Tuesday, July 2, 2013

Parenting Children and Innovations

The challenges, joys and dynamics of raising children provide an interesting metaphor for managing innovation.

A couple of months ago we received a letter from Carol Chase, the principal of our daughter’s school. The entire letter was devoted to some sound advice this principal had received from her mother about raising children. She gave it a fresh title: “Five Strategies for Raising Self-Reliant Children in a Self-Indulgent World,” but the wisdom in it was aged to perfection. Here are the five strategies:

1.     Say “No”: “When your child, whether four or fourteen, is demanding something more…your child needs you. Your child needs you to say “no.” Children of all ages need clearly defined boundaries, limits and expectations in order to develop self-reliance and personal responsibility.” Could a more pertinent principle be spoken for nascent innovations?
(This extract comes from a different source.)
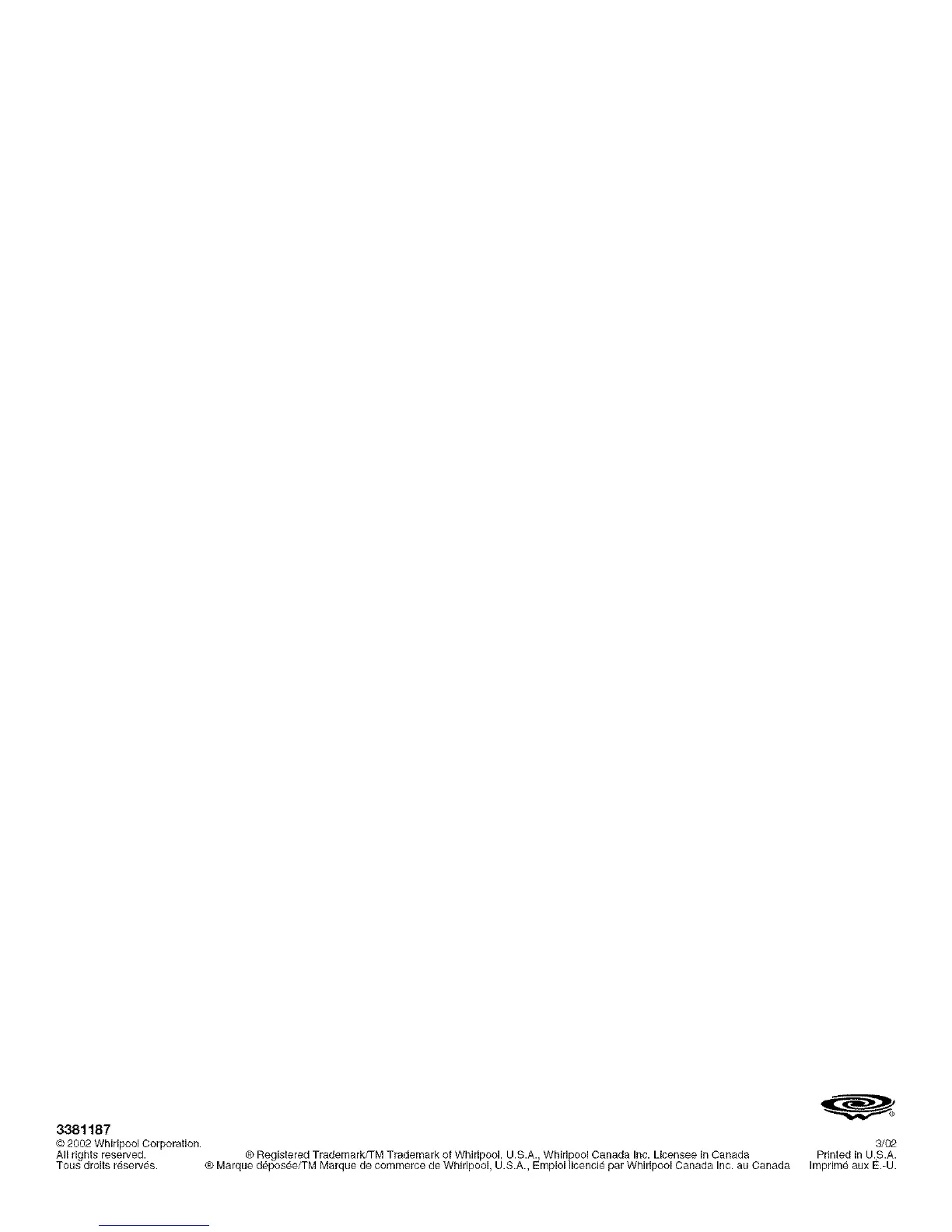 © 2002 Whirlpool Corporation. 3/02
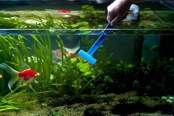 Вначале вам нужно почистить стенки аквариума, не сливая воды. Наденьте на руки перчатки, но только новые. Используйте для удаления налета на стекле скребок, а для особо сложных мест – нож. Губки с кухни использовать нельзя, на них могли остаться моющие средства.

Like children these innovation efforts to hear “no” so as to focus and concentrate their energies where development is needed. Without the “no’s,” innovations lose focus and discipline and can easily squander resources.

2.     Hold, Hug and Talk: “When your child is having a meltdown, your child needs you to give him or her a quiet space in which to calm down. Then it is essential to problem-solve with your child.  This is the beginning of teaching your child self-discipline.  It is best to start with a hold and a hug, and then begin the talk for problem-solving.” MOMs (or mentors of mavericks) are an often ignored but necessary role frequently missing in established companies seeking to innovate. Without a competent and present MOM (not to be confused with a sponsor, who is also necessary), innovations don’t receive the insulation from the “adult” (and performance metrics-oriented) world of the established revenue stream. MOMs and innovation midwives enable this “holding, hugging and talking” that allows for a set-based concurrent engineering” so effectively used by Toyota’s knowledge-based product development philosophy (see Michael N. Kennedy’s book, Product Development for the Lean Enterprise).

3.     Teach Money: “Living in a society that is consumer rich in material goods requires that children learn financial responsibility at an early age,” says Chase about raising children.  Hasn’t a similar point been  made about managing innovation by Clayton Christiansen when he admonishes us to be “patient for growth, but impatient for profit.”? (See his book, The Innovator’s Solution.) As a friend of mine recently said, reflecting on teaching his own kids about money: “When you have earned it, you treat it differently.”

4.     Teach Manners: “Your child needs you to teach social responsibility [which] begins by learning respectful communication, behavior, participation and contribution within the first community unit for a child—the family.”  In our 2003 five-company study of innovation practices, we found one of the major tasks in which “innovation midwives” or MOMs need to be diligent is in “honoring the core.”  If managers of established revenue streams feel in any way a competitive threat (for resources) coming from within the organization, they will consciouslyand often unconsciouslywork against the innovation.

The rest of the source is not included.